As head of Operation Othello, a surveillance operation against Dutroux from August 10, 1995 to January 1996, he practically knew everything there was to know about this already convicted, violent pedophile. From all sides evidence was presented to him that Dutroux not only had kidnapped Julie and Melissa, but also An and Eefje. However, Michaux ignored evidence presented by such informants as Claude Thirault, to whom Dutroux had mentioned how to kidnap young girls and how much you could get for them; Dutroux's mother, who had gathered evidence from her son's neighbors that he was likely involved in the kidnappings; and police officer Christian Dubois, who early on was on the trail of the gang of Nihoul, which would immediately have led to Dutroux.

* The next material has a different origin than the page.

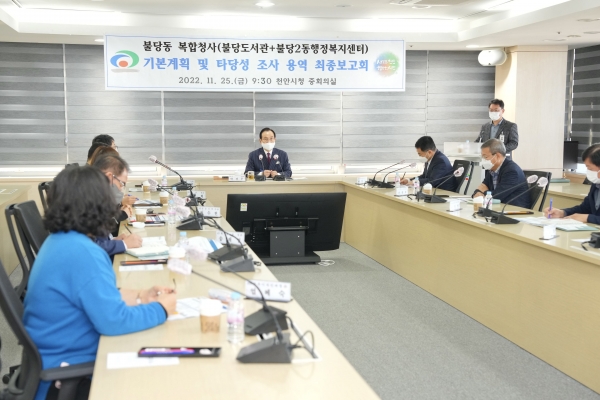 시는 2026년 하반기 준공을 목표로 지방재정법에 따른 불당동 복합청사 건립 기본계획 타당성 조사를 2023년 1월 한국지방행정연구원에 의뢰할 예정이며 2023년 내 지방재정투자심사를 마치고 공공건축 심의 및 설계 공모를 통한 실시설계 등을 순차적으로 추진할 계획이라고 전했다.

In between all these reports, the video cameras aimed at Dutroux's Marcinelle home as part of Operation Othello failed to register Dutroux bringing in An and Eefje on August 22, nor would Michaux's team notice Eefje's failed escape attempt on August 25, in which she briefly climbed out the bathroom window to shout for help. An and Eefje were taken out of the house in September and murdered.
When finally forced to search Dutroux's Marcinelle home for reasons not related to the kidnappings, Michaux decided to ignore the voices of two young girls, seemingly not even trying to get a response from them. He also didn't think that Dutroux's odd L-shaped basement, with one wall much newer than all the others, was reason enough to tear it down, nor did he recognize the significance of such items as vaginal cream, a speculum, chains, and a videotape with the name of a program on it dealing with missing children. Two other videos which would have shown Dutroux working on his basement and him raping a 14 year old girl were returned to Dutroux's wife, apparently without having been reviewed by his team. This failure of properly searching Dutroux's home apparently led to the death of Julie and Melissa, who are believed to have died from starvation in Dutroux's basement. It also led to the kidnapping of Sabine and Laetitia after Dutroux got out of jail in March 1996. In August 1996, after Dutroux had been arrested on suspicions that he had kidnapped Laetitia, Michaux led another three hour search in Dutroux's Marcinelle home where at that moment Sabine and Laetitia were located. Needless to say, Michaux not only failed to find
the girls, which could possibly have led to the release of Dutroux, he also hadn't noticed the letters Sabine had hidden under Dutroux's carpet. Luckily, the location of the girls would be pointed out by Dutroux 48 hours later, after it had become clear to him there was no way out this time, especially not with his lackey Michel Lelievre spilling the beans.
These failures of Michaux led to strong criticism from the parents of An Marchal, who went to inspect Dutroux's basement themselves. The parents of Melissa Russo filed an official complaint against him. When Bourlet criticized Michaux in 2004 over his failure to even find Sabine's
Rene Michaux, one of the world's most incompetent police officers.
letters, and seemingly implied this might not have been unintentional, Michaux could only react by calling Bourlet a "liar" and stating that "he sure wouldn't have found Laetitia under the carpet." These intellectual replies were soon followed by threats to sue for libel. Michaux's extreme incompetence was rewarded with a new position as a local police commissioner.